There are a variety of skills and understandings that make up the qualifications for being a good programmer. Clearly programmers must have a sound knowledge of the syntax of the language they are using. This is relatively easy to learn, and even though experienced programmers sometimes make mistakes when using the more obscure parts of a large language it is easy to detect errors and learn from them. Only the worst authors get issues of syntax wrong.

The only serious problem is when a programmer's code is syntactically correct but not what was intended. This leads to the issue of semantics.

In simple terms the semantics of an expression refer to its meaning. That is what it does or the resulting behaviour from executing a piece of code. Many if not most authors get the semantics wrong at least some of the time. What makes it particularly problematical is that code can behave as you expect even if there are options that mean that it can behave otherwise. Confused? Well look at the following simple statements:

int i = 0;
i += i++;
i += ++i;

These statements are syntactically correct in several languages (C, C++ and Java to name but three). However we need to understand their semantics before we use them otherwise we will sometimes be seriously surprised.

I think that the semantics of the first statement, the definition of i as a variable of type int initialised to zero allows for no semantic options, however you should note that the use of an '=' does not make this any kind of assignment. While one of the syntactic options (the only one in C) for initialising a variable at the point of creation looks like an assignment the semantics (behaviour) is subtly different. For example we can initialise variables in ways that we cannot assign to them:

int array[] = {0,1,2};

Most languages with C-style syntax do not allow assignment to arrays or between arrays even though we can use brace initialisation when we define an array. (By the way, I would be interested to hear of languages where this is not true, i.e. that allow assignment to an array or that do not allow initialisation of an array at the point of definition.)

I am not going to elaborate on the subtleties of Java definitions except to warn you that the semantics of these is quite different depending on whether the variable is of fundamental type or of derived (array) or user defined type.

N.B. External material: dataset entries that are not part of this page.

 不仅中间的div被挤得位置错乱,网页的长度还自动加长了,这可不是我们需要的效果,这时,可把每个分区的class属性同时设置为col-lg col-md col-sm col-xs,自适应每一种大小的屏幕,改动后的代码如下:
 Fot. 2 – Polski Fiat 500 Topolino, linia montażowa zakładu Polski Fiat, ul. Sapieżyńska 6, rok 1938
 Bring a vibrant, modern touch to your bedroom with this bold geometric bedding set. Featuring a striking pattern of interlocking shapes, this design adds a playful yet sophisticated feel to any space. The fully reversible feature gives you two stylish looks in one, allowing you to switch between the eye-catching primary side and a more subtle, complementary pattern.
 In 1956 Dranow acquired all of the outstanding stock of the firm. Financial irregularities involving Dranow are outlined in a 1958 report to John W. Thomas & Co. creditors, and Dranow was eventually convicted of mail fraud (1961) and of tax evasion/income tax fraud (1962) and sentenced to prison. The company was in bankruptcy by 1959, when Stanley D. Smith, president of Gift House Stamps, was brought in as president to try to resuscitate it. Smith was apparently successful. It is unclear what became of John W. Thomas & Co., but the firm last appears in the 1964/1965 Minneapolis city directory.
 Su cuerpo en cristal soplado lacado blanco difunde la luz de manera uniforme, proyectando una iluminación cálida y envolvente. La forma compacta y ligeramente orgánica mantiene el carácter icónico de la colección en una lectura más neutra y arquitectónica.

While I am writing about definitions of variables, I should warn you about clearly distinguishing between declarations and definitions. The syntactic similarities can lead you into assuming that the results are semantically equivalent. Whether 'int i' is a definition (creates storage to hold the value) or a declaration (simply makes the name 'i' available in the current scope) is a matter of context. For example:

int i;          /* definition */
struct X {
  int j;          /* declaration */
};
int foo (int k);  /* declaration */
int foo (int m) {  /* definition */
  return ++m;
}
int main(){
  int n;        /* definition */
  n=0;
  return n += foo(n);
}

Note that the three cases marked as definitions have different semantics. i is at global scope and so has static storage duration. This means that it will be zero initialised at load (execution) time. m is a parameter and so will be initialised by the value provided in a call to foo (e.g. foo(n) in main()). n is a local scope variable and so is left uninitialised and so a value must be written (assigned) to it before any attempt is made to read its value.

k is interesting because it is a pure declaration that can never be defined. Any names used in declarations of parameters at prototype scope have no semantics, like comments they are ignored by the compiler. [Actually this is not quite true because it is syntactically allowed to declare a type name in this scope though the result is completely unusable - get in the habit of declaring type names early even if you are not going to define them at that time.]

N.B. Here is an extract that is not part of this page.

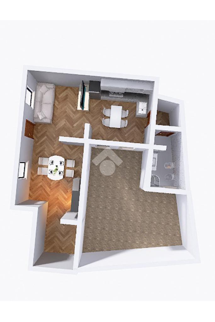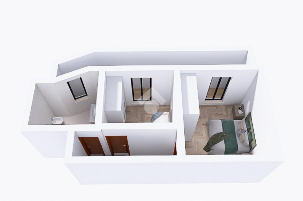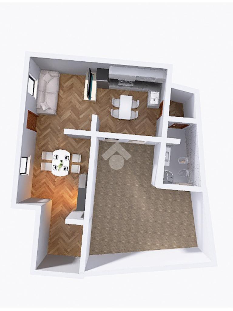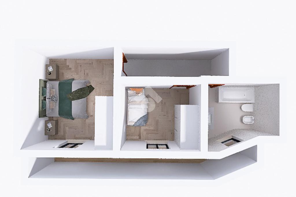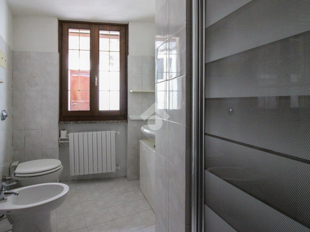 Completa il piano un bagno finestrato con sanitari in ceramica e box doccia, dotato di allacci per la lavatrice.

What about j? In C 'j' can never be uttered unless proceeded by the name of an instance of an X. In C++ and Java this is no longer true as any member function (OK, there aren't any in the above code snippet) can use member variables by their unqualified names.

I bet you never thought that there was so much to understand about something so simple as declaring/defining variables. If you are moving between languages make doubly certain that you understand any changes in the semantics of such simple things. Before I go on let me underline one area where the changed semantics between C and C++ can cause considerable irritation. In C, that last statement 'return n+=foo(n);' has a single semantic meaning. It passes the value of n to foo() and returns n incremented by the result to exit().

In C++ the same will happen in the above code but other things can happen which means that, if you care, you must look at the full context. If foo() takes a reference parameter, n can be changed by the call to foo() so the value of n on the right of += may not be the same as the value on the left. Another subtle difference that I am not going to detail here is if n had been qualified as volatile.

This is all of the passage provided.